Both rotavirus vaccines are given orally.

Rotavirus vaccines do not prevent diarrhea or vomiting caused by other viruses or pathogens.

Treatment

There is no specific medicine to treat rotavirus infection, but your doctor may recommend medicines to treat symptoms.  There is no antiviral drug to treat it, and antibiotic drugs will not help because antibiotics fight bacteria not viruses.

Rotavirus infection can cause severe vomiting and diarrhea. This can lead to dehydration (loss of body fluids). Infants and young children, older adults, and people with other illnesses are most at risk of dehydration.

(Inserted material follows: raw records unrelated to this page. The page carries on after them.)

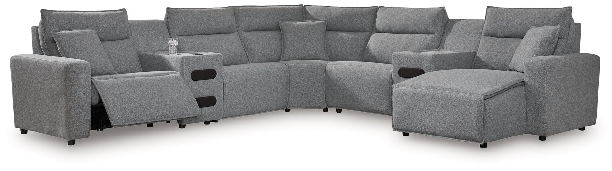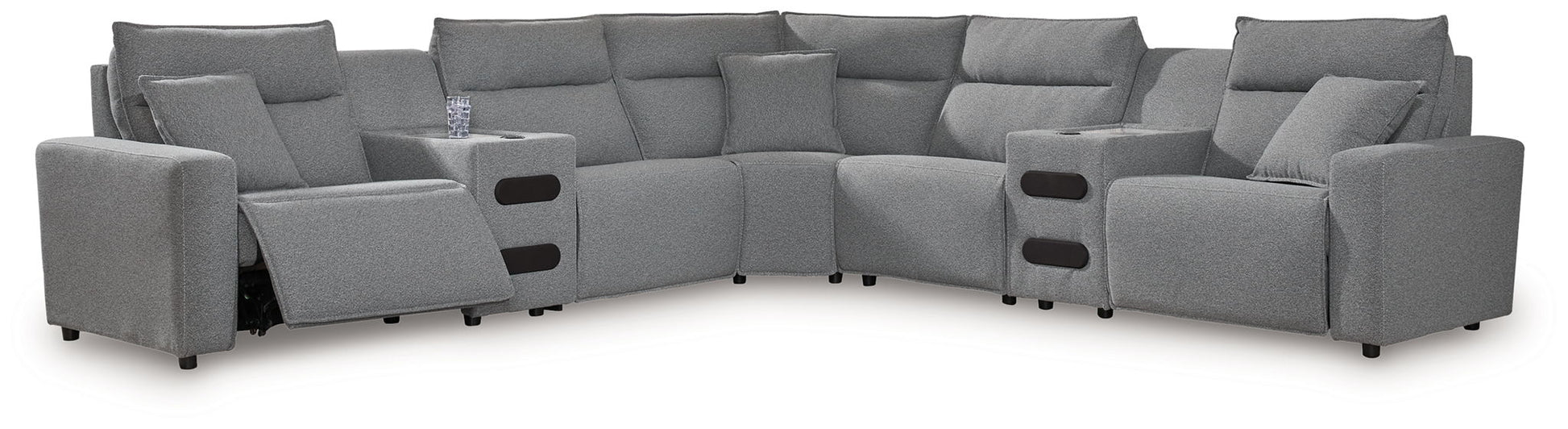 ModMax II - 7-Piece Power Reclining Sectional With LAF Power Chaise And With Audio Console - Salt And Pepper
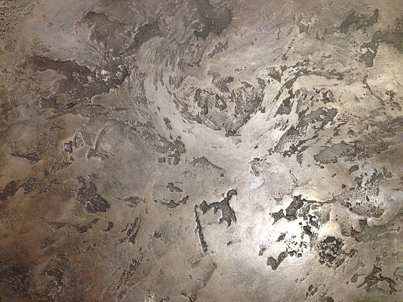 Lors de l'imitation du béton, une teinte de contraste est effectuée sur la surface de la cire. C'est-à-dire qu'avec une peinture d'une couleur plus saturée, une éponge, un pinceau ou un tampon sont appliqués sur les éclaboussures, les taches et les stries.Tout cela est ombré, créant ainsi un effet usé, et après séchage, un revêtement protecteur est appliqué.
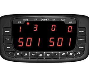 Electronic scorekeeping handles calculations automatically and updates running totals, preventing common arithmetic errors associated with manual scoring. Controls appear designed for direct input and quick adjustments.
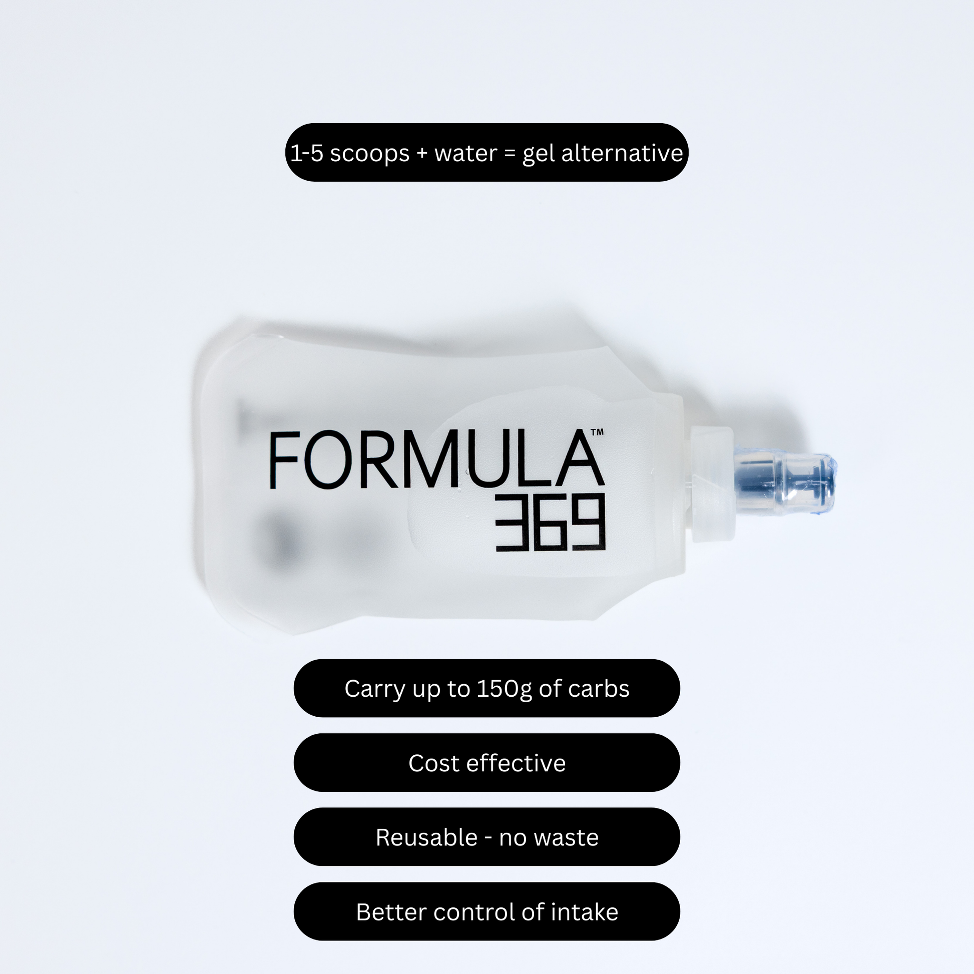 Another tool it the tool box! If you want to carry your carbs in your pocket, pack, or hand, then easily mix your Formula 369 drink mix as a concentrated solution, and fill up your flask!

Symptoms of dehydration include decrease in urination, dry mouth and throat and feeling dizzy when standing up. A dehydrated child may also

  • cry with few or no tears and
  • be unusually sleepy or fussy.

The best way to protect against dehydration is to drink plenty of liquids. Oral rehydration solutions that you can get over the counter in U.S. food and drug stores are most helpful for mild dehydration. Severe dehydration may require hospitalization for treatment with intravenous (IV) fluids, which are given to patients directly through their veins. If you or someone you are caring for is severely dehydrated, contact your doctor.

Vaccination

Rotavirus is a virus that spreads easily among infants and young children. The virus can cause severe watery diarrhea, vomiting, fever, and abdominal pain. Children who get rotavirus disease can become dehydrated and may need to be hospitalized.

Rotavirus vaccine is the best way to protect your child against rotavirus illness. Most children (about 9 out of 10) who get the vaccine will be protected from severe rotavirus illness. While about 7 out of 10 children will be protected from rotavirus illness.

Two rotavirus vaccines are currently licensed for use in infants in the United States:

  • RotaTeq® (RV5) is given in 3 doses at ages 2 months, 4 months, and 6 months
  • Rotarix® (RV1) is given in 2 doses at ages 2 months and 4 months

Both vaccines are given by mouth (orally), not by a shot. The first dose of either vaccine is most effective if it is given before a child is 15 weeks of age. Also, children should receive all doses of rotavirus vaccine before they turn 8 months old.